Artisanal Web Server

I was playing around with IPv6 on the VPS that hosts this blog when I realized that, at least over IPv6, I no longer need virtual hosts.

In the old, old days, a “host” was a physical computer name, mapped to an IP address by DNS. As HTTP spread, it made sense to host multiple websites on the same machine, so browsers were required to send the “Host” header to tell the server what site they were looking for. Now a single server could do something different in response to www.example.com vs example.com.

Today, the vast majority of the web is served through a Content Delivery Network (CDN) such as Cloudflare, where millions of sites are assigned to the same IP address, and the Host header is used to route the request through the CDN to see if there is a cached version, falling back to the “origin” server if not. At that point, the origin server is likely serving a dozen or more sites, and it again looks at the Host header to actually figure out what content to return.

In an nginx config on the origin server, this might look like this:

server {
    listen 80;
    listen [::]:80;
    server_name example.com;
    ...
}

This says “use the following settings if you get any request on IPv4 port 80, or IPv6 port 80, as long as the host matches example.com.”

The server that hosts this blog hosts a dozen others, many of which are just redirects like www.nathangrigg.com -> nathangrigg.com. Until today, these all used the same IP address, with an nginx config to route the different virtual hosts to different sites on the same server.
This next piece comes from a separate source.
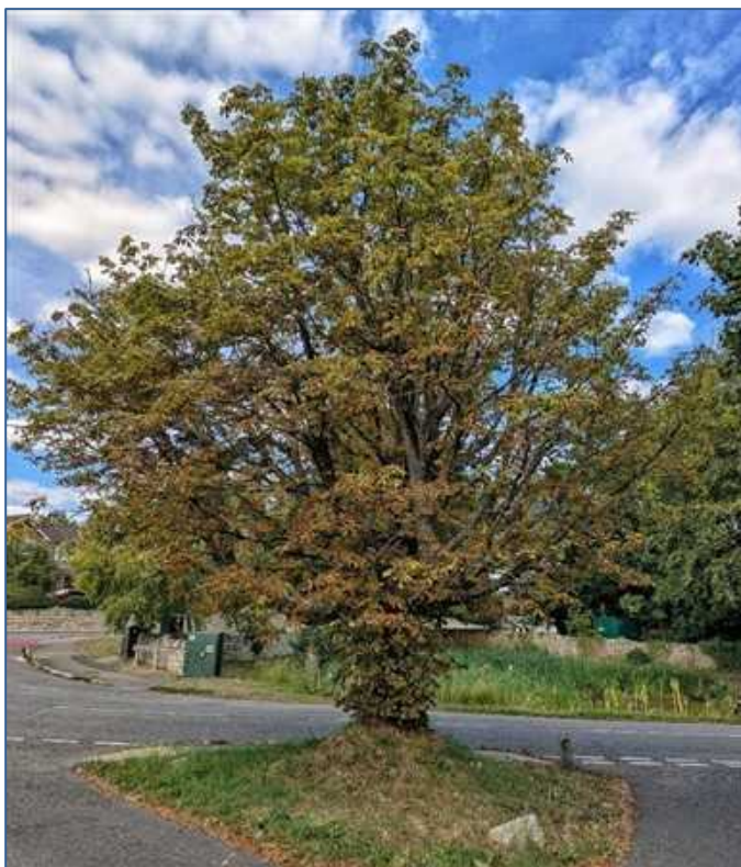
The diseased chestnut tree at the Bishopstone Road junction before felling.

There have been stories about the game being banned. In the early 2000s, a myth sprang up that the Health and Safety Executive (HSE) had banned conker fights. The HSE was even forced to put a denial on its website, external, describing the story as, "an old chestnut".

While I wouldn’t want to pay for that many IPv4 addresses, which typically cost a couple dollars each per month, IPv6 addresses are plentiful. My host will give me, at no charge, a “/64 block”, meaning a 64-bit prefix for which I can use every address contaning that prefix. Since IPv6 address are 128 bits long, that is 2^64 possible addresses to use.

So I added a startup script on my server that runs

ip -6 addr add 2a01:7e03:e001:1ac::1/64 dev eth0
ip -6 addr add 2a01:7e03:e001:1ac::2/64 dev eth0
...

(That is my assigned 64-bit prefix in four groups of 16, and the double colon means “a bunch of zeroes”.)

Then I updated my DNS entries to map each domain to a different IP address, and updated my server block to say

server {
    listen [2a01:7e03:e001:1ac::1]:80
    ...
}

(I had to keep a separate server block with virtual hosts for the IPv4-based routing.)

Now, over IPv6, nginx uses the incoming address rather than the host name to decide what to serve.

Is it better? Probably not. But it lets me pretend like I have a different computer for each little website.

If you want to see it in action, try curl -vIL6 www.nathangrigg.com, and you can watch the procession from www-port-80 to www-port-443 to bare nathangrigg.com. (v for verbose, I for headers only, L to follow redirects, and 6 to force IPv6. If it fails for you, you may have to remove the 6 and watch the boring IPv4 version, where the IP address is the same for every request.)